What's the best way to run PHP in Debian in a shared environment?

Years ago May First/People Link switched from the old reliable mod_php to suPHP because mod_php ran all php scripts as the same user, meaning (among other things) that any site could access the database configurations of any other site.

suPHP was great, however, after several years we've decided to replace it because:

  • As our members increasingly use Drupal and Drupal sites grow increasingly more complex, suPHP's performance has become a problem.
  • suPHP executes with the permissions of the owner of the file it is executing. From a zero-conf perspective, this features makes suPHP very easy to setup. However, from a security perspective, it forces you to run your php script with the permission to delete itself. Not optimal.

We first turned to fcgid. We tried it out on a couple individual web sites (fcgid can run alongside suPHP), and, after a week without much problems, we implemented it on an entire server.

Out of the box, on a shared server with several dozen web sites, the most notable resource utilization difference between fcgid and suPHP is the increase in memory usage. Unlike suPHP which dies after each requests, fcgid gains a performance boost by sticking around (with either 2 or 3 processes living on) to server future requests. If you have several dozen web sites that aren't high traffic sites, it means they may each have up to the three processes staking out memory that would otherwise be free with suPHP.

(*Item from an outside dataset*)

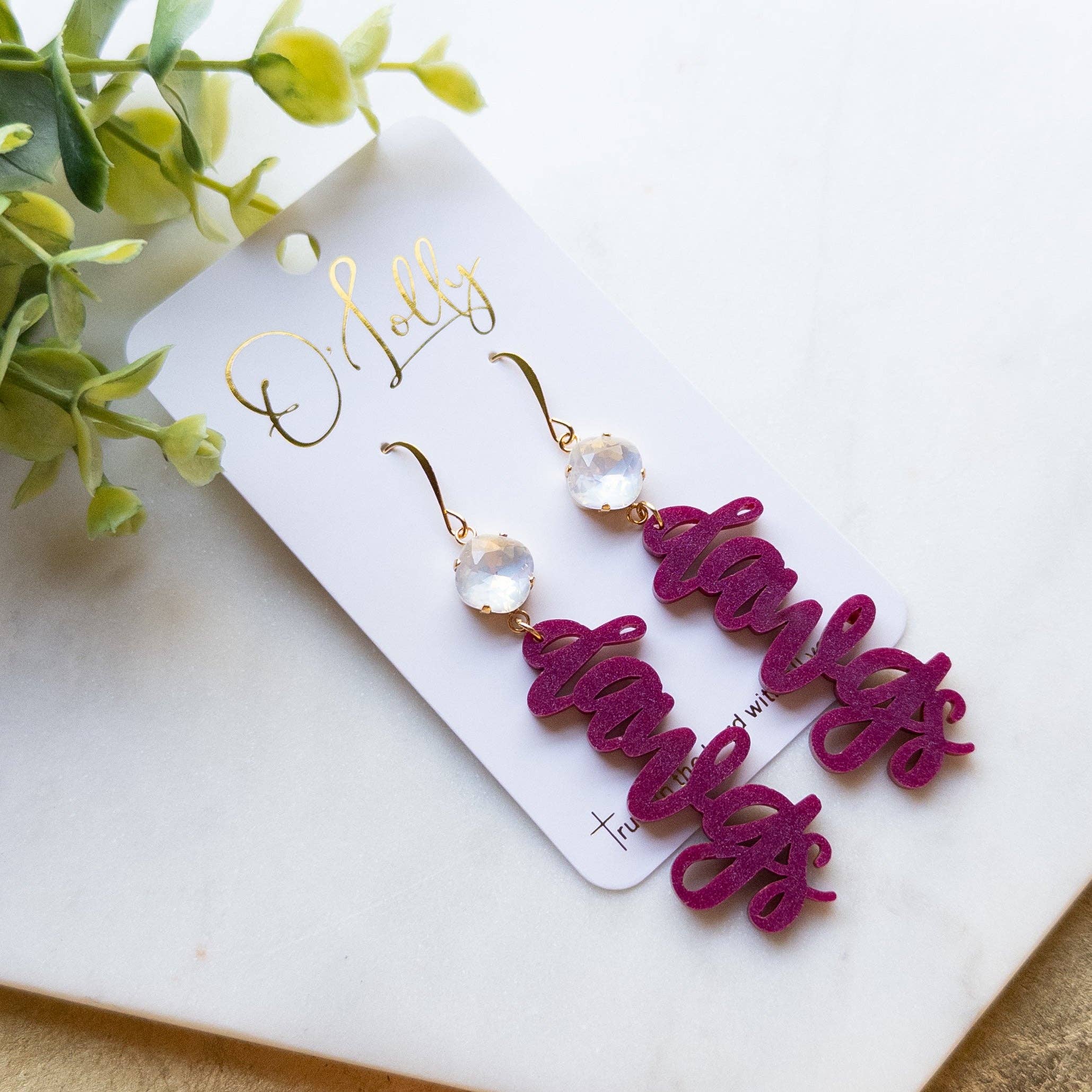 Maroon Shimmer Dawgs Earrings w/ White Stone

We addressed the memory problem by adding the following to /etc/apache2/mods-available/fcgid.conf:

DefaultMinClassProcessCount 0
IdleTimeout 60
IdleScanInterval 60

These directions tell fcgid to kill processes that have been idle for more than 60 seconds. That means we still get the performance gain from a site getting more than one page view per minute, but otherwise we re-claim the memory.

Before switching our remaining servers we decided to do more extensive testing to ensure we would be getting the performance and resource gains we were hoping. Also, we decided to consider mpm-itk, which is a variation of mpm-prefork that runs each virtual host with a per-vhost configured user and group (like suexec, but for the entire virtual host). Since it's a variation of mpm-prefork, it's safe to run it with the more resource friendly mod_php.

We used the apache benchmarking tool ab. And we tested on a virtual machine (running on my laptop) with 1GB of RAM. The test web site we used was a copy of the May First/People Link site (we used the home page for the test), which is running Drupal 6. It's a relatively simple Drupal site, however, we turned Drupal caching off to better simulate PHP processing usage likely to be found on our members' sites.

We ran tests against the following configurations:

  • Plain mpm-prefork with mod_php and apc (as a standard to strive for)
  • Both mpm-worker with suPHP and mpm-prefork with suPHP (how much of a difference does worker vs prefork make with a Drupal site?)
  • mpm-worker/fcgid/suexec
  • mpm-itk with mod_php

The tests were run with:

  • 1 request (in the results, this test is labelled 1:1)
  • 20 requests, 5 concurrent (20:5)
  • 50 requests, 10 concurrent (50:10)
  • 70 requests, 10 concurrent (70:10)

We originally tried, for the last test, 100 requests/25 concurrent but it caused ab to time out on the mpm-worker/fcgid/suexec configuration. We then lowered it to 75/15. Still timed out (load on our test server went way up).

The tests paused 120 seconds between testing each environment to give the server load a chance to settle down. And we paused 30 seconds between each test (not enough time for the fcgid processes to be killed, but enough time for all the processes to hopefully complete their requests).

The tests are scripted and the full results are available. You can also see the various vhost configurations (test.mouse, test.mouse.itk, test.mouse.suexec.fcgid), and the fcgid.conf.

To summarize the report ... if you are running one web site on a server, there's little argument for using anything other than mod_php and mpm-prefork - the performance of this combination far exceeds any other combination. I'm scratching my head over the the vastly different conclusions reached by 2bits. They didn't publish their tests so I'm not sure exactly how to compare. Maybe they have a lot more static content? Or - maybe there's a mistake in our tests? Open to ideas.

suPHP seems to be left in the dust compared with either fcgid/suexec or mpm-itk. Given that it's also less flexible, there's not much going for it.

And lastly... fcgid/suexec and mpm-itk seem comparable. That was a surprise. We were expecting mpm-itk to perform better because it's running mod_php. Given the similarity in performance, fcgid/mpm-worker seems like a much more well-tested and well-supported approach for a shared server.

One side note... originally, out of laziness, we tested against the default Drupal install.php page. Less static content and much less PHP processing. In these tests, with low loads, the results provide different numbers, but the comparisons between environment were similar ... except with the last test. With the 70 requests/10 concurrent test, fcgid/suexec dramatically out-performed everyone (by a factor or more than 2). That's probably because no new cgi processes had to be spawned and the effect of mod_php using APC was reduced because there was very little php code to process.